##### INPUT FOR THIS TASK #####

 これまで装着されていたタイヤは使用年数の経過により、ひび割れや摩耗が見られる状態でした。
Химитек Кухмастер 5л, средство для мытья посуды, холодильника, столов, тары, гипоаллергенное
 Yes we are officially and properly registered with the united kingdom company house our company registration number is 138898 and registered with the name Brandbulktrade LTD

#####
##### INPUT FOR THIS TASK #####

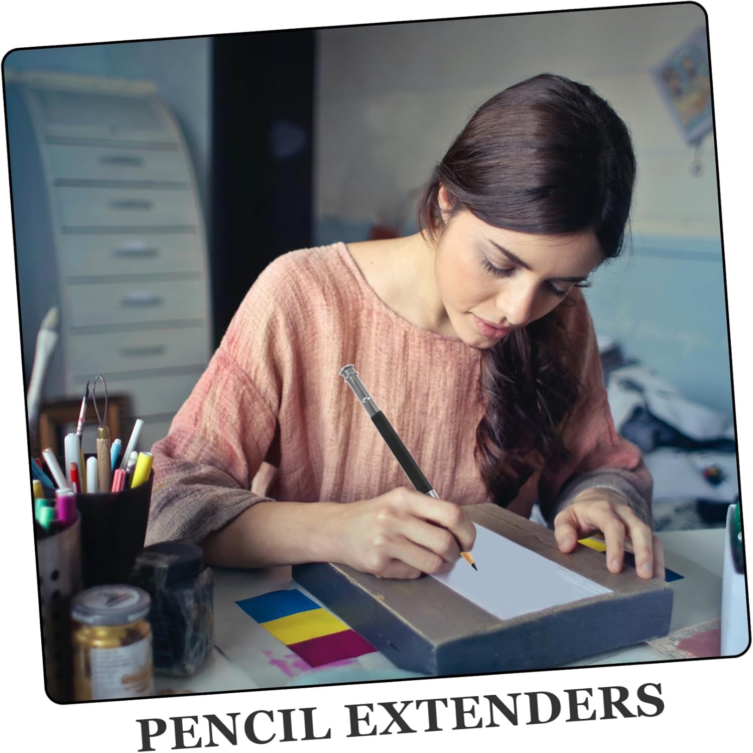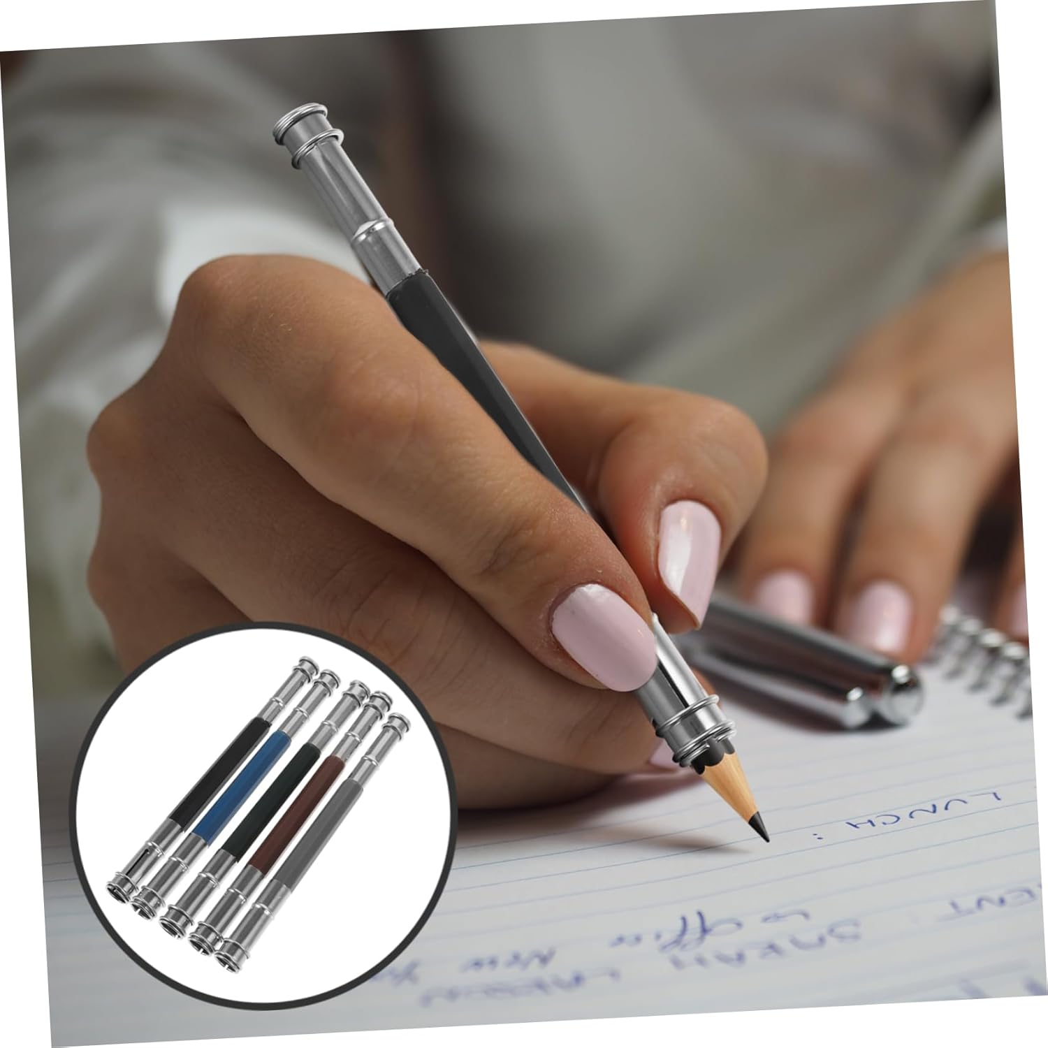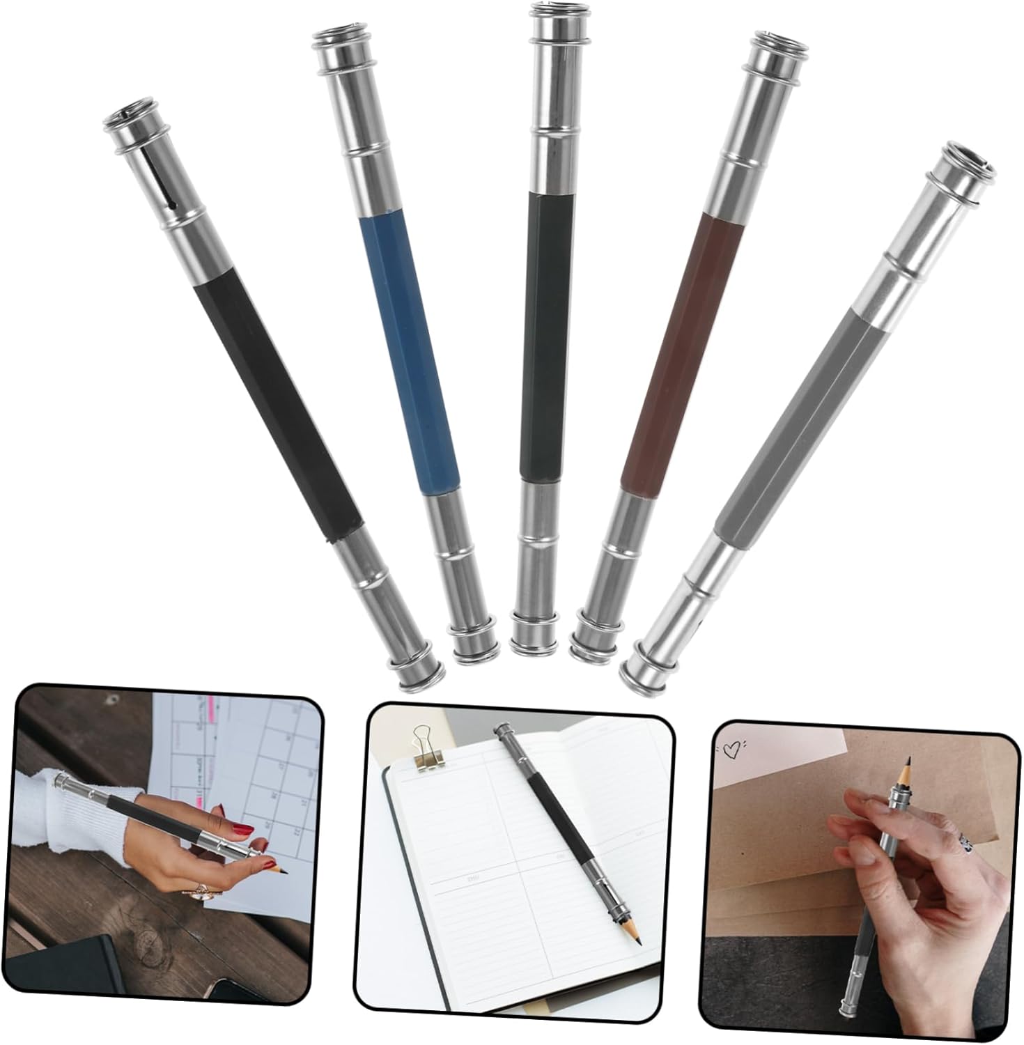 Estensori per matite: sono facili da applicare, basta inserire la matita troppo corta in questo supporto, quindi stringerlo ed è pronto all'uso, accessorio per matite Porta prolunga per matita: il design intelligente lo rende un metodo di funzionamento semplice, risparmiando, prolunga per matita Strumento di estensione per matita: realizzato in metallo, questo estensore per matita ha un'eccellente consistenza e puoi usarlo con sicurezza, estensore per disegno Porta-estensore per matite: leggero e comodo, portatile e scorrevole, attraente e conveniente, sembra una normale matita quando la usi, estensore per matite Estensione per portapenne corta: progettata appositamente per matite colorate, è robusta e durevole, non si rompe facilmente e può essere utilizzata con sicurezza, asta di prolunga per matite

#####

> ASSIGNMENT:
Retype the entries above exactly, but only from the line containing "これまで装着されていたタイヤ" through the line containing "Yes we are officially", both included.

> SOLUTION TO THIS EXERCISE:
 これまで装着されていたタイヤは使用年数の経過により、ひび割れや摩耗が見られる状態でした。
Химитек Кухмастер 5л, средство для мытья посуды, холодильника, столов, тары, гипоаллергенное
 Yes we are officially and properly registered with the united kingdom company house our company registration number is 138898 and registered with the name Brandbulktrade LTD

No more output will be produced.